The first thing we need to do to calculate the debt-to-income ratio is to work out your total debt payments per month. We can do this calculating monthly debt payments, including the following:

- Rent or mortgage
- Minimum credit card payments
- Car loans
- Personal loans
- Student loans
- Alimony/child support payments
- Any other loans or lines of credit

**Example:**

Let’s assume that Mary has the following debt expenses each month:

- Mortgage = $950
- Minimum credit card payment = $235
- Car loan = $355

$950 + $235 + $355 = $1,540. This is Mary’s total monthly debt payment.

We don’t need to include payments that aren’t involved with financing. This would be things like utilities, groceries, and insurance. As a general rule, if it’s not included in your credit report, then it won’t be covered by lenders when they consider your debt-to-income ratio.

## 2. Calculate Your Monthly Income

The next step in the calculation is your total monthly income. For this, you need to add up the amount you receive each month from the following sources:

- Gross income from a W-2 job or self-employment
- Bonuses or overtime
- Alimony/child support
- Other income from any additional sources

**Example:**

Mary is spending $1,540 a month on debt payments. Her monthly income is as follows:

- Gross monthly income = $3,500
- Child support = $500

$3,500 + $500 = $4,000. This is Mary’s total monthly income.

Note: To calculate from a weekly income, multiply by 52 and divide by 12. For bi-weekly, multiply by 26 and divide by 12. This will give you your monthly income. If you only know your gross annual salary, then divide by 12 to find the amount per month.

## 3. Time to Do the Math

Once we’ve calculated both the total monthly debt and the total monthly income, we have all the numbers we need for our debt-to-income ratio calculator. To calculate the actual ratio, we need to divide the monthly debt payments by the monthly income. Once we have the result, we multiply by 100 to yield the percentage.

**Example:**

From our earlier example, Mary had a total of $1,540 for her monthly debt payments and a gross monthly income of $4,000. So we need to divide $1,540 by $4,000 and then times by 100 for the percentage.

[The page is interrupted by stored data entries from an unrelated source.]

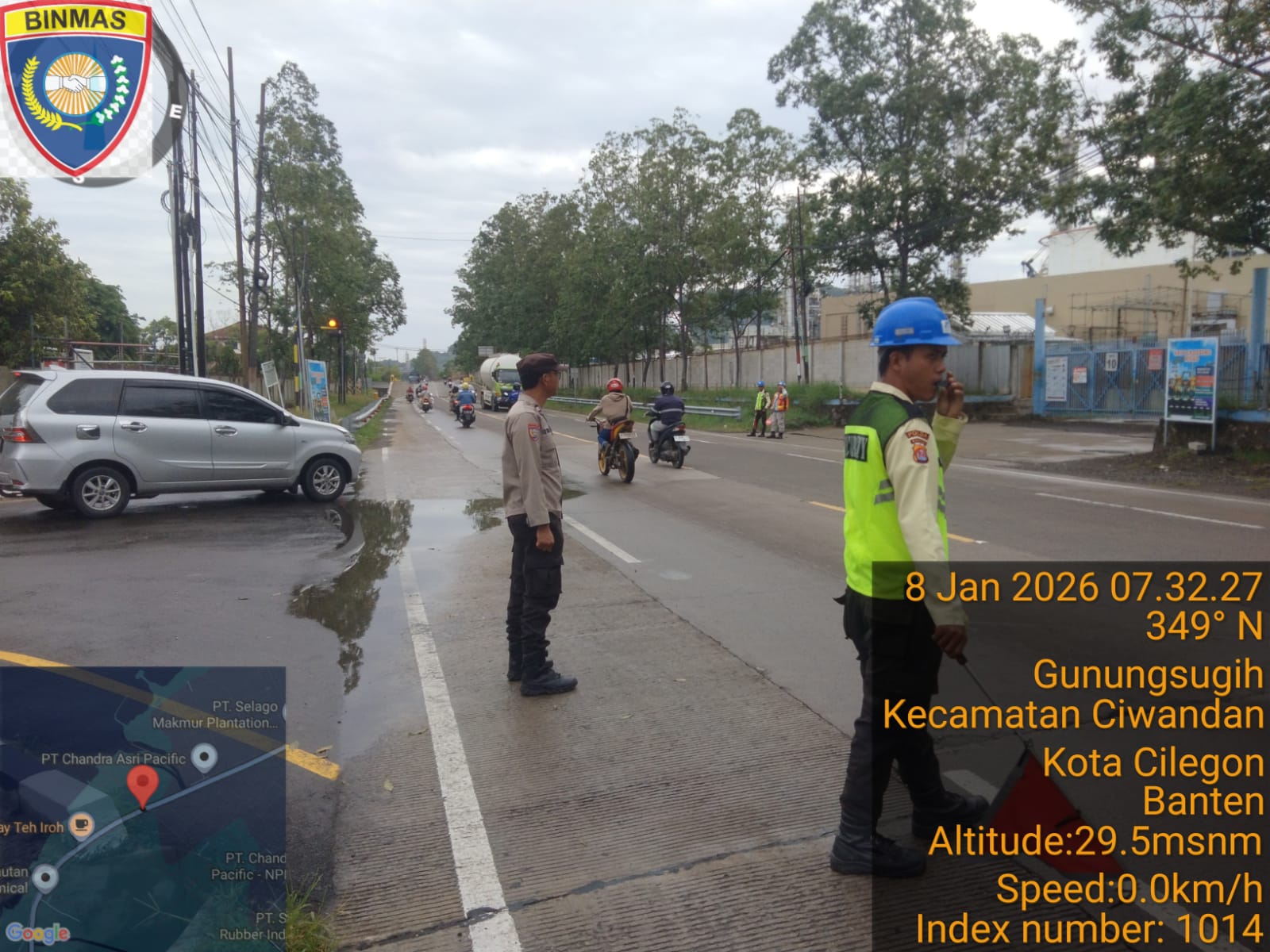 Cilegon - Tingginya mobilitas masyarakat pada jam-jam sibuk, tingkat kerawanan baik itu kemacetan ataupun kecelakaan pasti ada potensi, sehingga untuk mengantisipasi hal tersebut Personil Polsek Ciwandan Polres Cilegon Polda Banten Bhabinkamtibmas melaksanakan Strong Point pada sejumlah lokasi, Kamis (08/01/2026).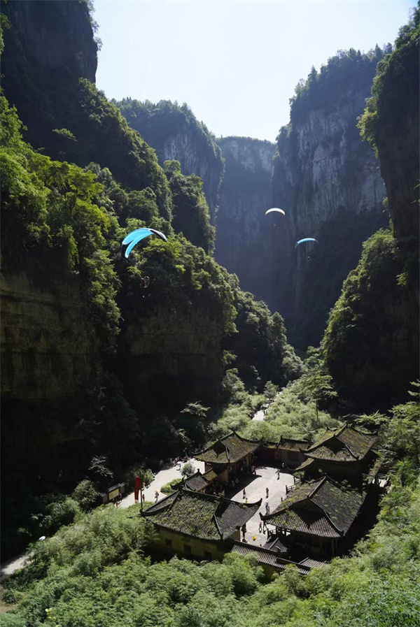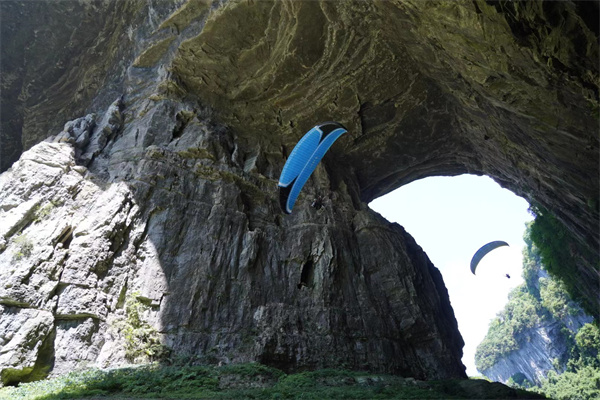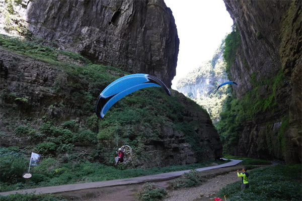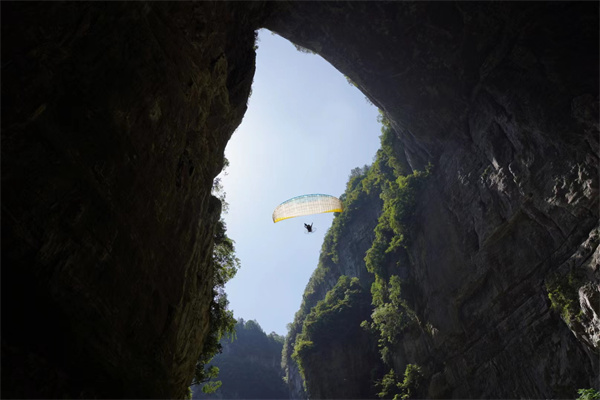 據悉,這是世界首次動力傘成功穿越天生三橋,而實際上,作為世界規模最大天生橋群,其鬼斧神工的險峻自然奇觀已經成為各類極限運動挑戰的熱門打卡地。挑戰成功后,7月28日至30日每天上午9:30、11:30、下午15:30,盛廣強及其團隊還將在天生三橋進行為期三天的表演活動。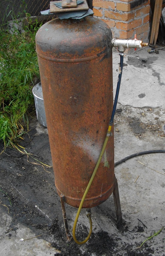 Отже. Даний апарат я виготовив ще 3 роки тому зі старого газового балону.в токаря я замовив ніпель конусний для вкручення в балон з переходом 1/2" різьбу, трубу 0,5 м. 1/2" з різьбами, та короткого ніпеля 1/2" з різьбами. придбав 3 крани 1/2", трійники 1/2" - 2шт, штуцера для зєднання шлангів 4 шт., шланг гумовий 10 м.штуцер для зєднання з компресором. всі деталі приварюються, скручуться і т.д.

$1540 / $4000 = 0.385 x 100 = 38.5%

Mary’s debt-to-income ratio is 38.5%.

## What Does Your Debt to Income Ratio Mean?

The percentage you have calculated for yourself will correspond to one of the following categories:

**36% or less** is an outstanding debt to income ratio to have. If your percentage lies in this range, it’s advisable not to incur more debt in order to keep your rate at a manageable level. You may struggle to gain mortgage approval if your ratio is above this amount.

**37% to 42% **isn’t necessarily a bad ratio, but you could try to improve on it. If your percentage is in this area, you should try to reduce some of your debt.

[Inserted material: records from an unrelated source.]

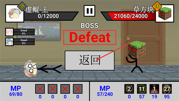 4、若出现【Defeat】提示代表对战失败,此时点击【返回】按钮退出对战界面,后续可调整阵容再挑战。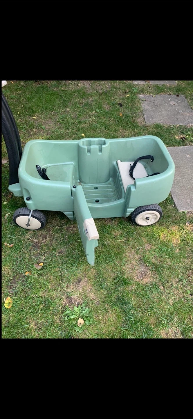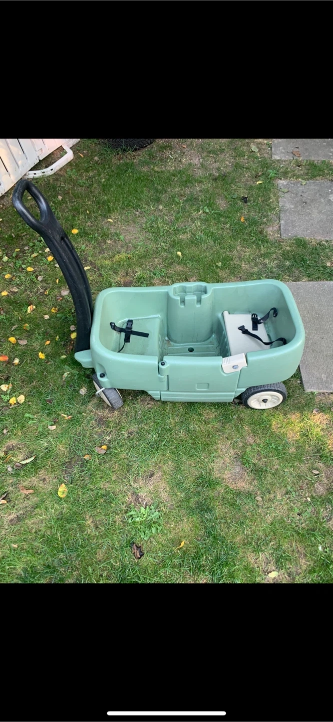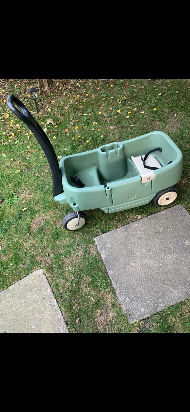 Step2 Wagon in Vibrant Green! This roomy wagon is ideal for thrilling neighborhood escapades, picnics, or beach holidays for kids 1 to 5 years old. It comfortably seats two toddlers and features two safety belts for a safe ride. This wagon has convenient side panel storage for snacks, drinks, sunglasses, and other items. Four sturdy wheels increase the smooth-rolling sensation, offering uncomplicated navigation over varied terrains—lush grass, smooth pavement, or gravel trails.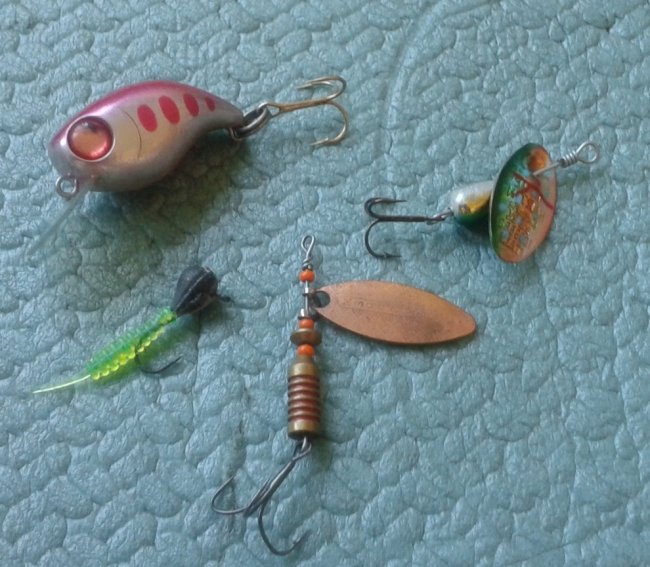 Неплохой результат приносит ловля на спиннинговую снасть с «вращалкой» и нахлыстовым удилищем на средних «мокрых» мушек, похожих на веснянок, личинок, и мушек, имитирующих мальков рыб. В качестве наживок прекрасно подходят различные черви, кузнечики, муравьи, жуки.

**43% to 49% **is a ratio which suggests you may fall into some financial trouble. It would help if you tried to pay off your debt faster to prevent a situation of overloaded debt.

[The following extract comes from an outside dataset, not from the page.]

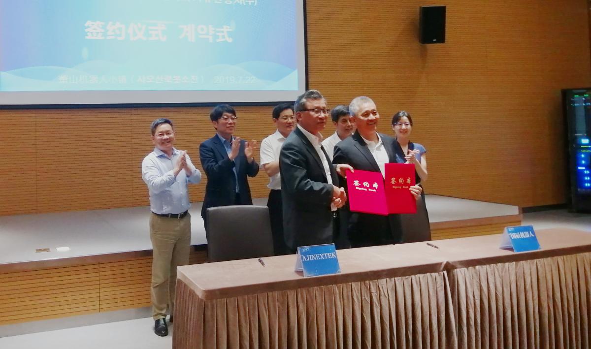 【國辰訊】2019722日,杭州國辰機器人科技有限公司與韓國(株)亞進EXTEK合作成立合資公司簽約儀式在蕭山機器人小鎮(zhèn)隆重舉行。蕭山經(jīng)濟技術(shù)開發(fā)區(qū)黨工委委員、管委會副主任徐建中,開發(fā)區(qū)招商局副局長、機器人小鎮(zhèn)工作組負責(zé)人陳笑,浙江省機器人產(chǎn)業(yè)發(fā)展協(xié)會秘書長王國耀,韓國大慶機器人振興社會長金昌浩,杭州國辰機器人科技有限公司首席戰(zhàn)略官王國成、韓國(株)亞進EXTEK常務(wù)崔成赫等出席簽約儀式。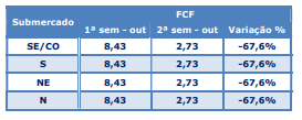 Para a semana em curso (08/out a 14/out), a previsão é que os preços continuem no piso, conforme indicado pela Função de Custo Futuro – FCF divulgada na última sexta-feira (07) pela CCEE. Tal análise é baseada no aumento das previsões de chuvas para esse mês.

**50% or more** is a very precarious situation to be in. This DTI ratio means that more than half of your monthly income is going towards paying your debts. You should start paying off as much of your debt as possible. Don’t hesitate to get professional help. You may want to consider a Debt Consolidation Loans, which will allow you to combine all of your liabilities into a single payment each month. You may even be able to get a lower interest rate than you have on some of your other loans.

**Example:**

Mary had a debt-to-income ratio of 38.5%. This isn’t a bad ratio, but it would be inadvisable for her to increase her debt without an increase in her monthly income.